Whether it’s for one month or one year, choosing to travel full time is an increasingly popular way to see the world. And it’s more common than you might think – momondo recently surveyed* travellers across Europe and found that 53% have travelled for more than one month at a time.
Whether it’s taking a gap year between studies or a break from work for a while, or whether it’s to explore a new culture and learn new things about yourself every day – there are many different reasons people choose to travel for an extended amount of time. Of those survey respondents who have travelled for more than one month at a time, most went to expand their horizons (28%) or to experience new cultures (28%). Some travellers also went to get away from day-to-day life (22%) or take a break from their job (14%), or simply to meet new people (9%).
Whatever your reason, if you’re thinking about taking some time off to travel, there are a few things to consider before you decide to head off on your trip of a lifetime. We’ve collected advice from some of our in-house and expert trusted travellers who have done the whole full-time-traveller thing, to share with you their best tips for travelling full time.
Take care of things at home first
Before jetting off on a months long adventure, consider the everyday costs you need to take care of at home first. What will you do with your apartment? Are there any subscriptions (phone, internet, etc) you need to put on hold while you’re gone? What about any student loans? Tie up the loose ends at home first and make sure you have no running costs before you leave for your trip.
When it comes to budgets, aim high
It’s always better to be safe than sorry, so budget for higher expenses than you originally expected.
Do the research first – find out the local costs of transportation, accommodation and meals in the countries or cities you plan to visit and come up with an estimate of how much you think you will realistically spend. Of those travellers in momondo’s travel survey who said they travelled for more than one month at a time, the overall most common monthly budget was €1000 – €1500 (£870- £1300).

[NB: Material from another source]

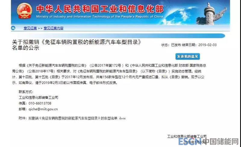 中國儲能網(wǎng)訊:1月30日消息,工信部今日發(fā)布關(guān)于擬撤銷《免征車輛購置稅的新能源汽車車型目錄》名單的公示。工信部稱,根據(jù)《關(guān)于免征新能源汽車車輛購置稅的公告》(公告2017年第172號 )和《中華人民共和國工業(yè)和信息化部 財政部 國家稅務(wù)總局公告》(公告2018年17號)相關(guān)要求,對《免征車輛購置稅的新能源汽車車型目錄》(以下簡稱《目錄》)實施動態(tài)管理。

Once you have a general idea of your budget, increase it to an amount that you are comfortable with. You never know what’s going to happen during your travels and if there’s a mishap that leaves you needing to spend extra cash, you’ll be happy to have the extra money and will be prepared to pay for things if necessary.
Don’t over plan
Rather than trying to schedule every hour of every day before you leave, consider leaving some leeway for spontaneity, so you can change or extend your itinerary along the way. Plan just enough so that you feel comfortable (perhaps some of the flights and any tours that need to be booked in advance), but don’t over-commit to pre-booked transportation and accommodation for every step of the way.

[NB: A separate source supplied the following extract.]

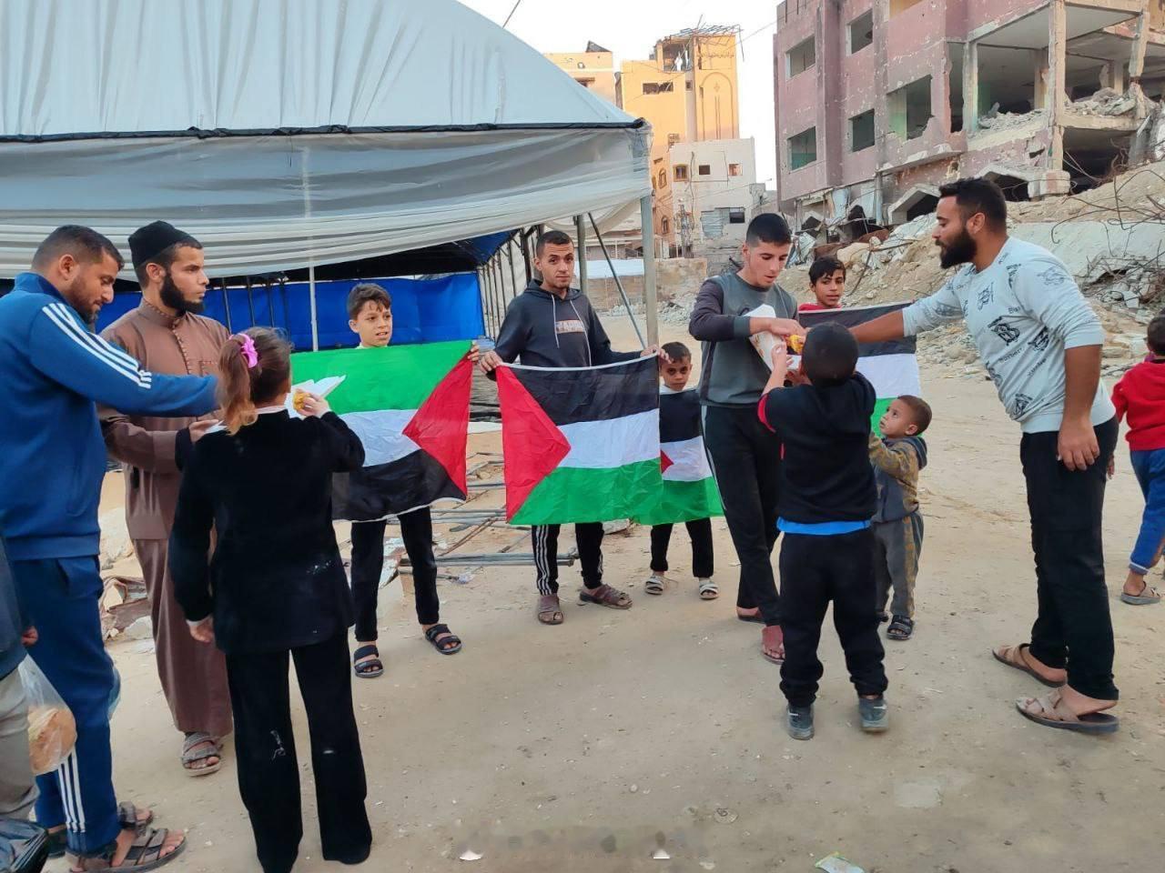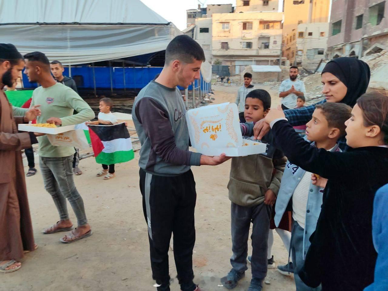 巴勒斯坦人在加沙街头分发甜品和糖果,庆祝二鬼子头目、以色列的走狗亚西尔·阿布·沙

Leaving some gaps in your plan will give you the freedom to stay longer somewhere or visit a new place that sparks your interest as you continue to travel and explore.
Make some time to travel solo
While travelling with your partner or a great group of friends certainly has its own set of benefits, don’t wait around for someone else to join you if you really do want to travel. You’re much less likely to find the time to go if you’re always trying to sync up schedules and wait for others to confirm their plans. Solo travel allows you to get to know yourself better, gain confidence and have unique experiences that you might not have had when travelling with others.
Go with the flow
No matter what you are planning, at some point in your trip something will come up that you didn’t expect or plan for. Whether it’s a spontaneous trip to a nearby country or a once-in-a-lifetime dining experience you can’t say no to, you will probably end up doing something that you could never have planned for before you left. So be flexible while you travel and be open to any new adventures that come your way.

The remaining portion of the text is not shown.